Wednesday, December 1, 2010

Stuff I've Been Reading November





You’d be hard pressed to find two critics who give me more simple pleasure to read then The Outlaw Vern and Nathan Rabin. You’d also find it pretty tough to find two critics more different from one another. Still a month spent reading there books, Vern’s Yippee Kay Yay Movie Goer released earlier in the year, and Rabin’s “My Year Of Flop’s” was a month very well spent. And both serve as perfect primer’s to the pleasure of each author’s company.

It’s no wonder that Rabin has earned himself a loyal cult following his writing isn’t so much friendly as it is positively chummy. It doesn’t lecture you from on high but instead takes you by the crook of your arm and whispers in your ear “I’m so happy I’ve found you my dear fellow, because I know that you at least will know precisely what I’m talking about”

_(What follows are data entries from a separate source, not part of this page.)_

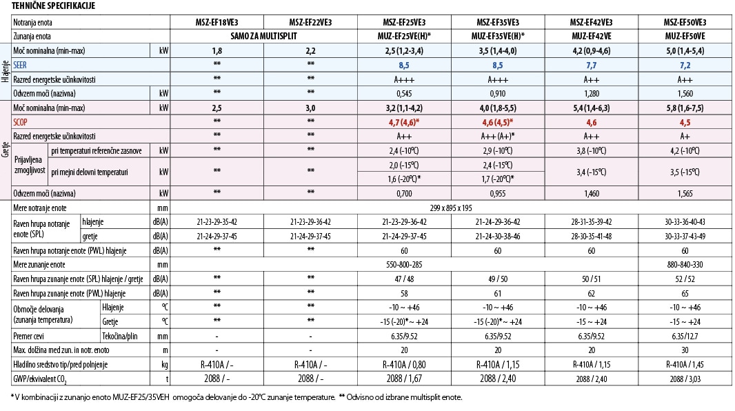 - varčno hlajenje (razred sezonske učinkovitosti A+++ pri modelih 25 in 35)
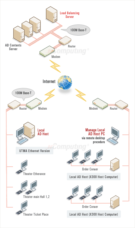 Depending on the condition of the location, contents, budget and network environment, people can use different NComputing solutions for different needs. The NComputing UTMA terminal for AD solutions can provide cost savings, and lowered efforts from maintenance, central management and variable network environments.
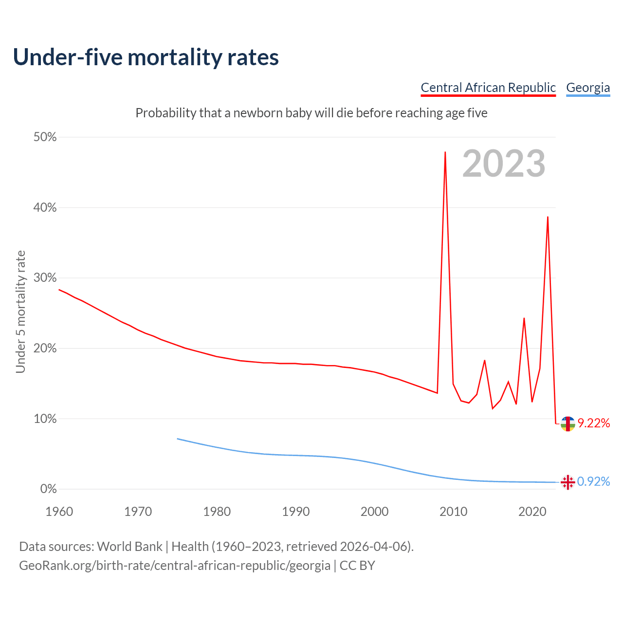 The chance that a newborn baby will die before reaching age five is 9.22% in the Central African Republic and 0.92% in Georgia. Above is a chart with historical data on under-five mortality rates.
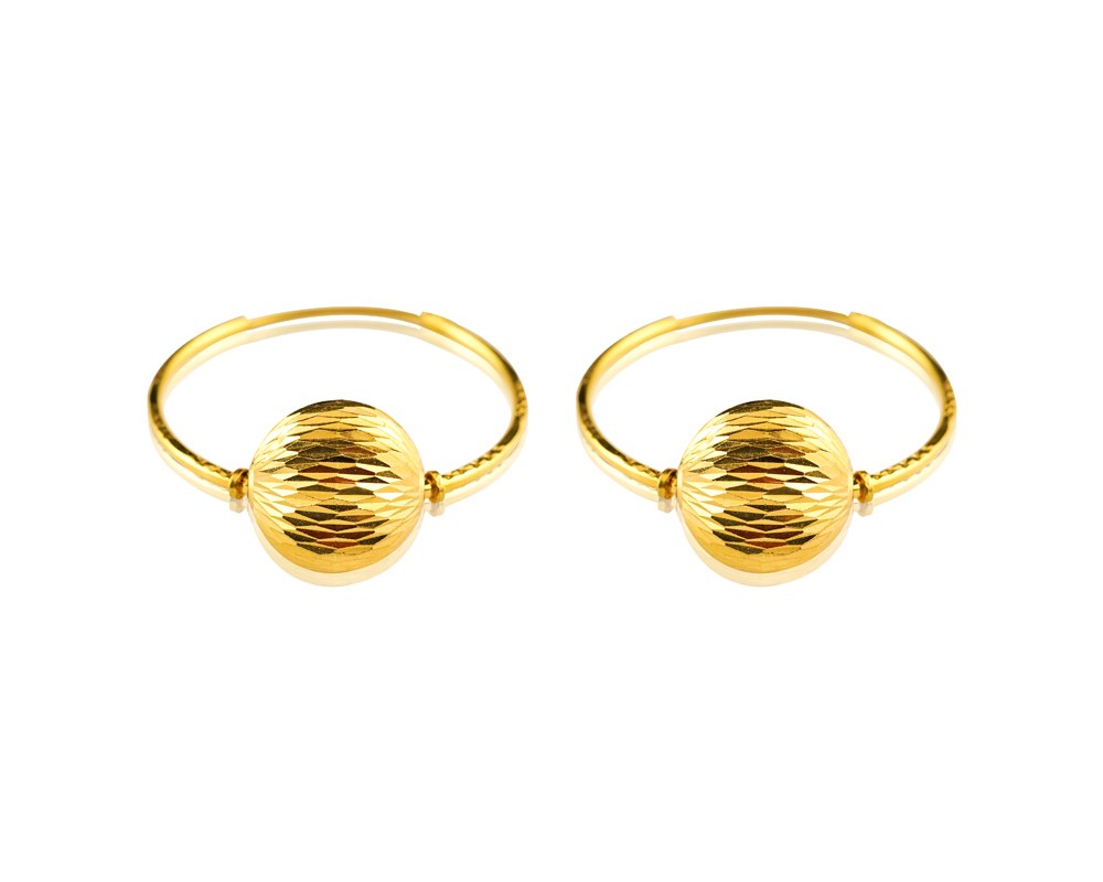 22K Yellow Gold Small Size Hoop Earrings with Round Ball
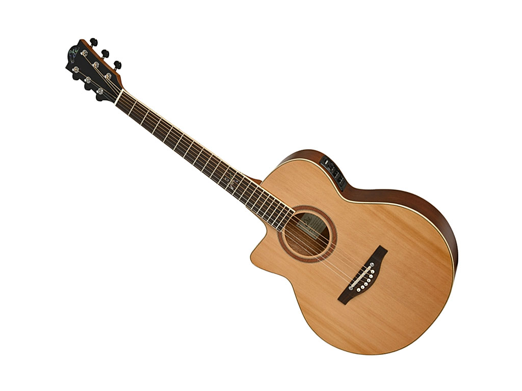 Comfort allo stato puro. Design del body EKO 018 a spalla mancante con cassa sottile, attacco del manico con l'esclusivo sistema FastLOK e ponte regolabile. Progettata per la massima versatilità e comfort. Come tutte le chitarre FastLOK l'azione delle corde può essere facilmente impostato per soddisfare le esigenze di ogni singolo chitarrista. E' dotata di un suono ricco, tavola in Cedro massello, rosetta e binding in legno, sistema di preamplificazione Fishman Presys Blend.
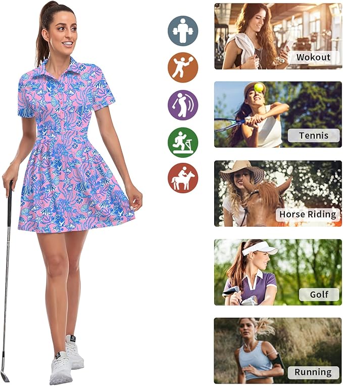 - [Moisture Wicking Sun Protection Dress] Golf Uniform Dress with UPF 50 sun protection fabric blocks harmful UV rays, provides excellent protection against sunburn. Moisture-wicking and Breathable fabric keeping you cool, comfortable and sweat free even when exercise in hot conditions.
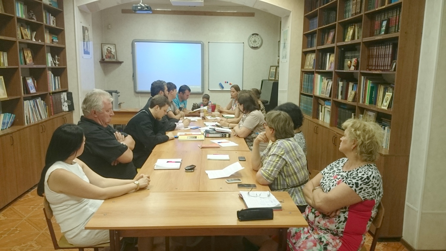 Во время пед.совета учителя и директор воскресной школы Волощук К.В. подвели итоги прошедшему учебному году и наметили планы на новый учебный год. Также преподаватели назначили дату приёма для вновь поступающих детей.
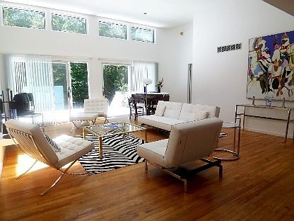 Expansive outdoor deckHigh ceilingTwo bathsCentral air-conditioningClerestory windowsDining areaThree bedrooms
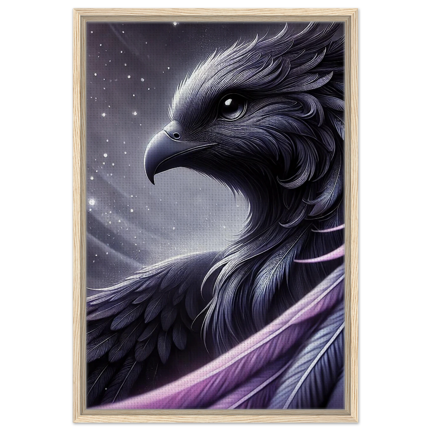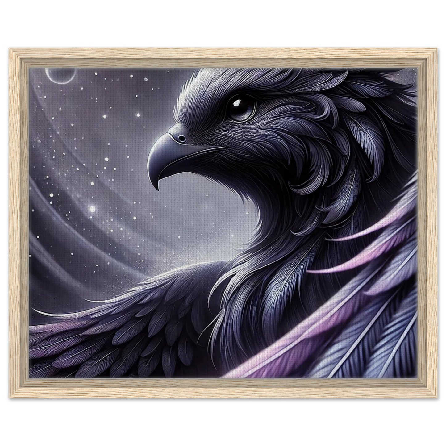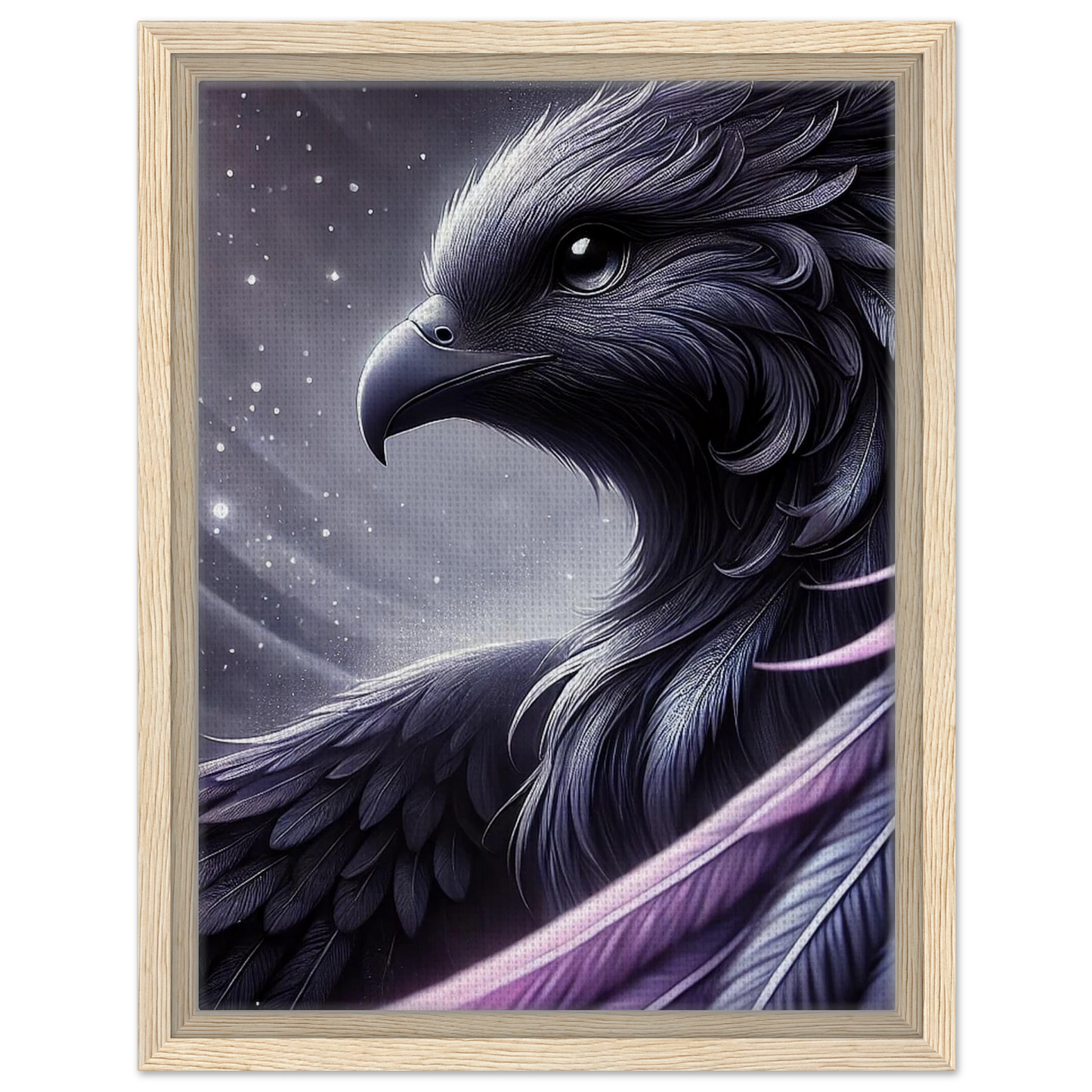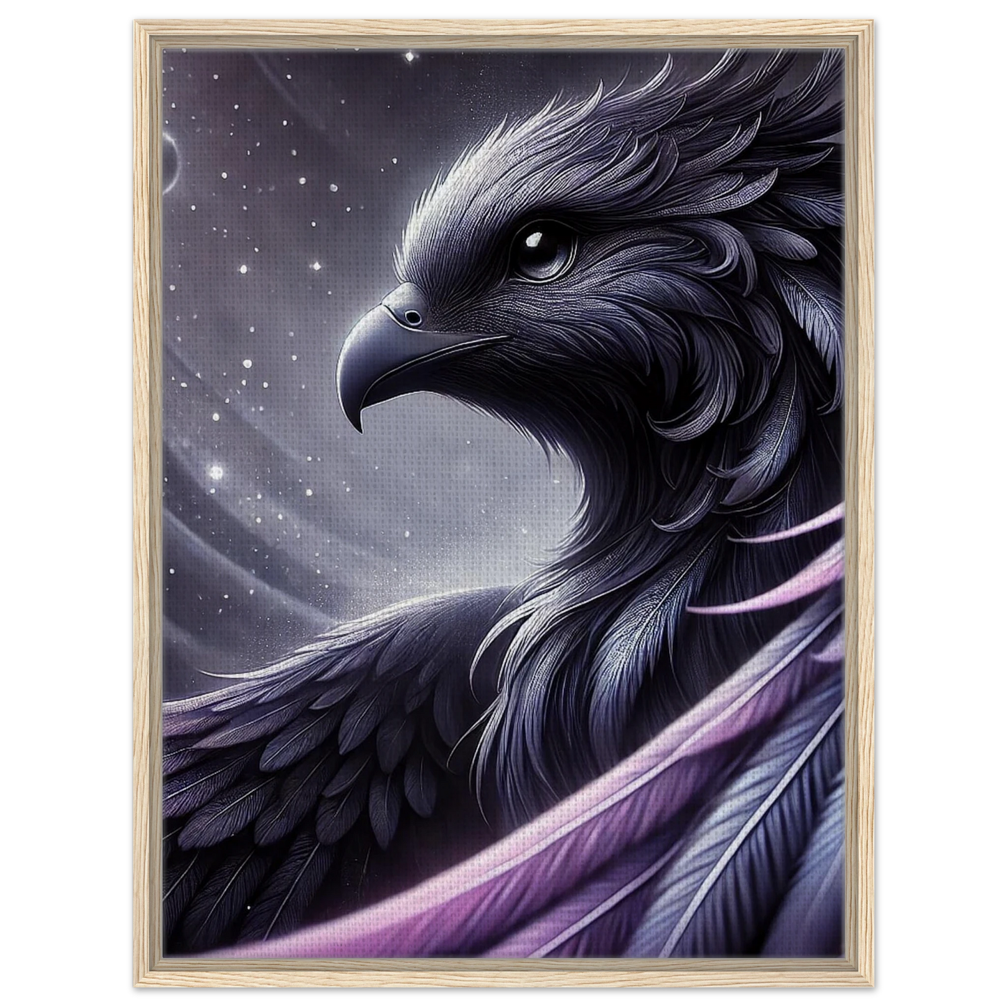 „Eclipsar“ ist ein kosmisches Wesen, das in Stille durch das Universum gleitet. Seine violett-schwarzen Federn leuchten im Schein ferner Sterne, während seine Augen die Unendlichkeit widerspiegeln. Entstanden aus der ersten Sonnenfinsternis, ist er mehr als nur ein Wächter der Galaxie – er ist das Symbol für Veränderung, Neuanfang und kosmisches Gleichgewicht.

At his best Rabin writes in a slightly detached, yet never disinterested tone, that's borderline conspirital tone. A voice perfect for dryly yet warmly conferring “I know I can’t believe it either,” when relating forgotten anecdotes like the time Columbia paid half a million Clinton Era Dollars to plaster Arnold Schwarzenegger’s face to Space Shuttle in order to promote The Last Action Hero. This is coupled with Rabin’s devastating skill with the deadpan vulgar one liner, usually buried in a harmless seeming sentence, such as when he casually lists the well known suggestively titled Pauline Kael collections before dropping in the unjustly forgotten “Handjob By The Popcorn Stand.”

My Year Of Flops, is a summation of the column that one Rabin his cult following. It’s a genius sort of idea. Take films that are genuinely unloved and give them a court of appeal. From Elizabethtown, OC & Stiggs, The Apple, to Heaven’s Gate, Rabin dissects and defends the cinematic detritus of days gone by.

If My Year Of Flops has a flaw, its that it could stand to be a little longer (if only all books had the same flaw) as a collection in and of itself it is a great read. As an archive of the column it is culled from it has something to be desired.

This is not a situation like Ebert’s Great Movies series where the whole of the writing has been preserved. When the new material is factored in only a handful of the original columns are present and they skew a little too heavily towards recent years for my taste.

But this is nitpicking. Like the whole of the critic’s work Rabin’s book is generous, warm hearted, knowledgeable and funny as hell. A model to be followed.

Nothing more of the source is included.